PROVIDED RECORDS
◆ ◆ ◆ ◆ ◆ ◆ ◆

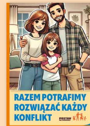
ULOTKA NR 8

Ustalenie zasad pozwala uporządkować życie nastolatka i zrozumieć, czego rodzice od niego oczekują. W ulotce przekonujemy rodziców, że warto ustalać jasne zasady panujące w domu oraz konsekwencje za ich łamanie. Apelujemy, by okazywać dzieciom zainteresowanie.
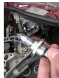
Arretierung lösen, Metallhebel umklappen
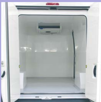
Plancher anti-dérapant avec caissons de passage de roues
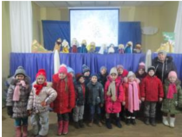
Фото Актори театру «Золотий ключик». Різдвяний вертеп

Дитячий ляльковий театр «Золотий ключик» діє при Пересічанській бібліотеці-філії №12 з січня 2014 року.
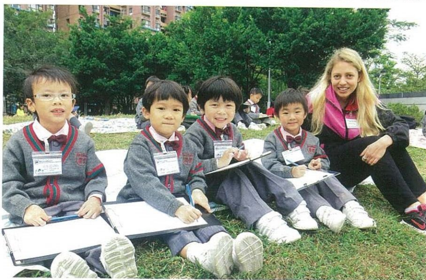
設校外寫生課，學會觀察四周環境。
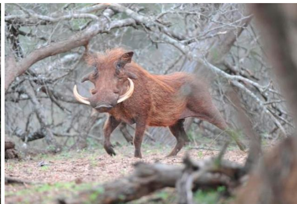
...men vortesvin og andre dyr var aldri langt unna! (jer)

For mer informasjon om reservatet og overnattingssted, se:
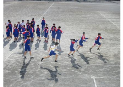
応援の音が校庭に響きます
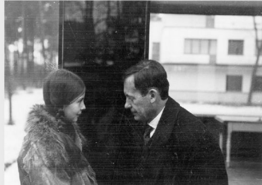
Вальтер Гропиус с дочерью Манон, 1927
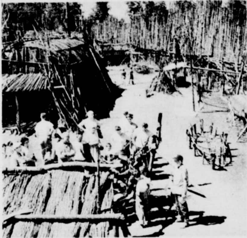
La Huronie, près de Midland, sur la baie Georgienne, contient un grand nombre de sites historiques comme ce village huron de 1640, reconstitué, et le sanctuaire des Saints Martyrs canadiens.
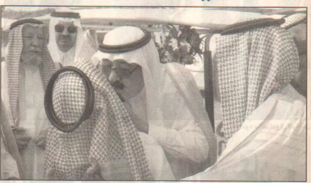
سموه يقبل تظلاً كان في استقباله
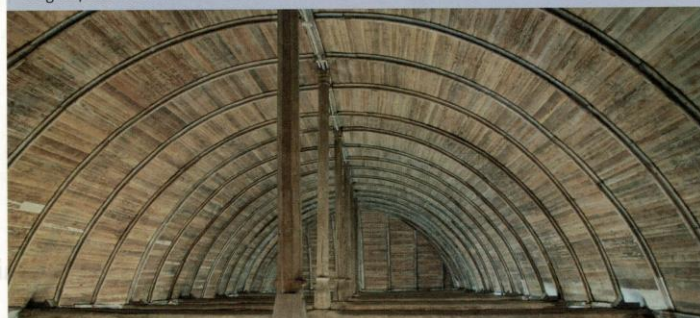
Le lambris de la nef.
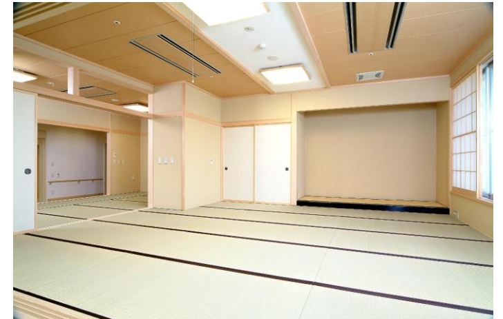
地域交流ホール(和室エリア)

◆ ◆ ◆ ◆ ◆ ◆ ◆

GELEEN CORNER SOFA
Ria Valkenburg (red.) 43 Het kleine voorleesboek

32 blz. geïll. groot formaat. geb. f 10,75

◆ ◆ ◆ ◆ ◆ ◆ ◆

HOW TO COMPLETE THIS TASK
Lines containing the word "Золотий": copy every one of them from the records above.

EXERCISE RESULT
Фото Актори театру «Золотий ключик». Різдвяний вертеп
Дитячий ляльковий театр «Золотий ключик» діє при Пересічанській бібліотеці-філії №12 з січня 2014 року.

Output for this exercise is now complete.